4. Lifestyle and occupation. Life insurers in particular are interested in any activities that could create a higher risk for premature death. "If you're in what's considered a higher-risk occupation, an airline pilot or a high-rise construction engineer, you're going to pay more for your life insurance," Bach says.
Some life insurers may also ask about travel plans, such as whether you've traveled outside of the United States in the past two years or plan to do so in the future. Policyholders who participate in activities such as extreme skiing, ballooning or deep-sea scuba diving may also pose a higher risk to life insurers. "It varies by company," Bach says. "Each company has their own underwriting criteria and their own actuaries who assign numbers to the risk that person poses."
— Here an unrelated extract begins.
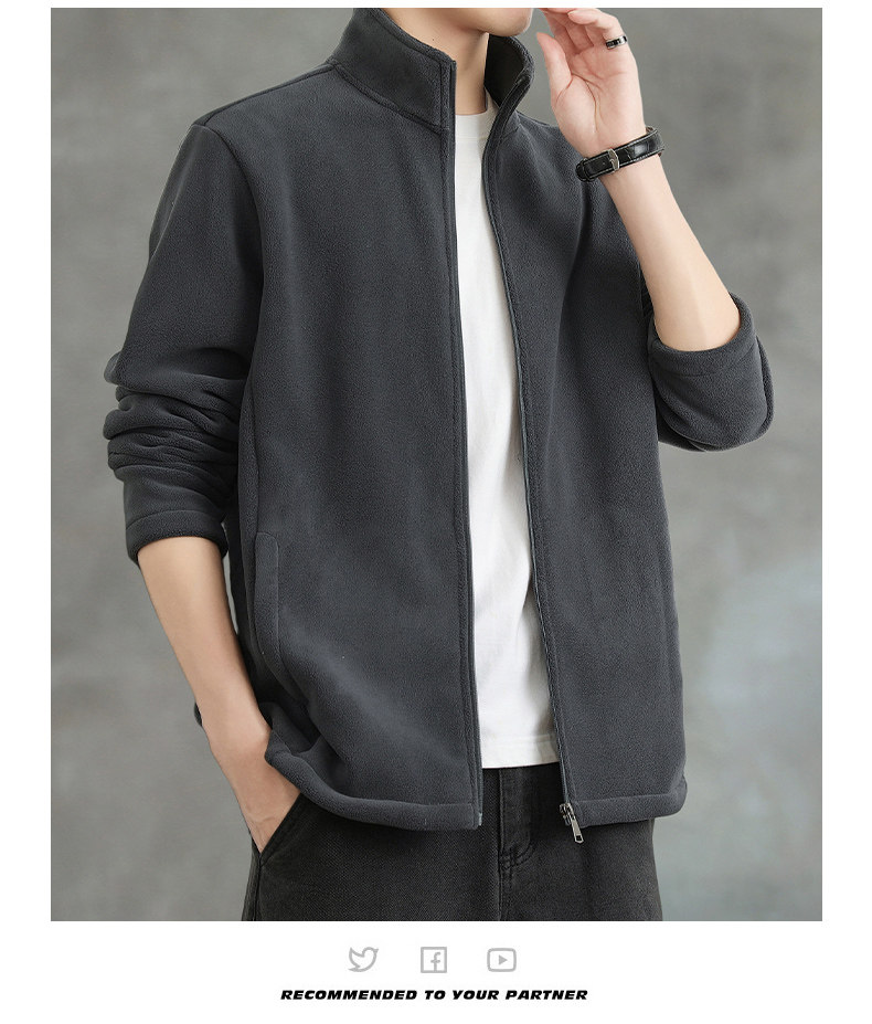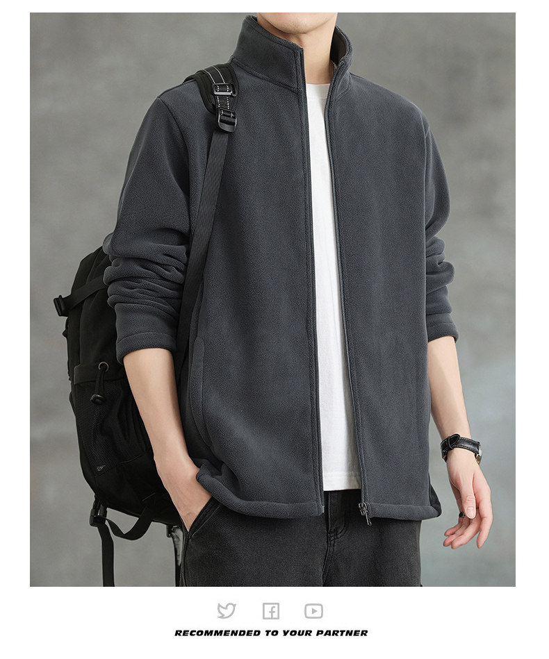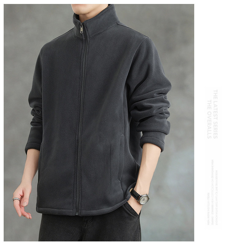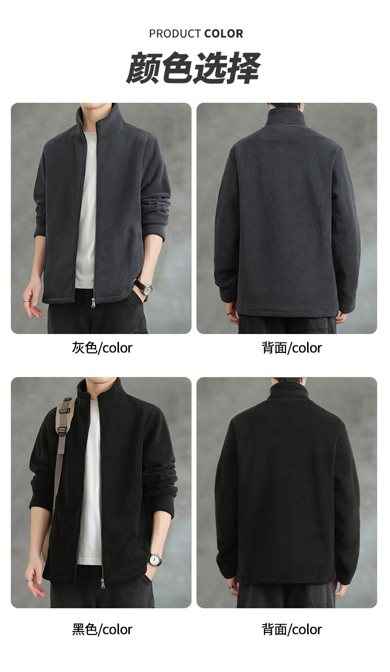 Orienteering Fleece Stand-Up Collar Cardigan Jacket for Men, Double-Sided Fleece Thickened Clothing, Autumn and Winter Inner Layer, Warm Jacket, Men's Sweatshirt

5. Dog ownership. Dog-related insurance claims cost property and casualty insurers millions of dollars a year. In fact, California insurers alone paid $480 millions in dog bite claims in 2011. These claims typically fall under the liability portion of your homeowners or renters insurance policy, so insurers want to know if you have a dog, especially if it's a breed that's considered more aggressive.
"Depending on the type of dog you have, some insurers may exclude the dog or add a surcharge because you have a dangerous dog," Moraga says. "If you have a vicious dog and don't keep him away from people, that may be a cause for nonrenewal or getting your premiums increased."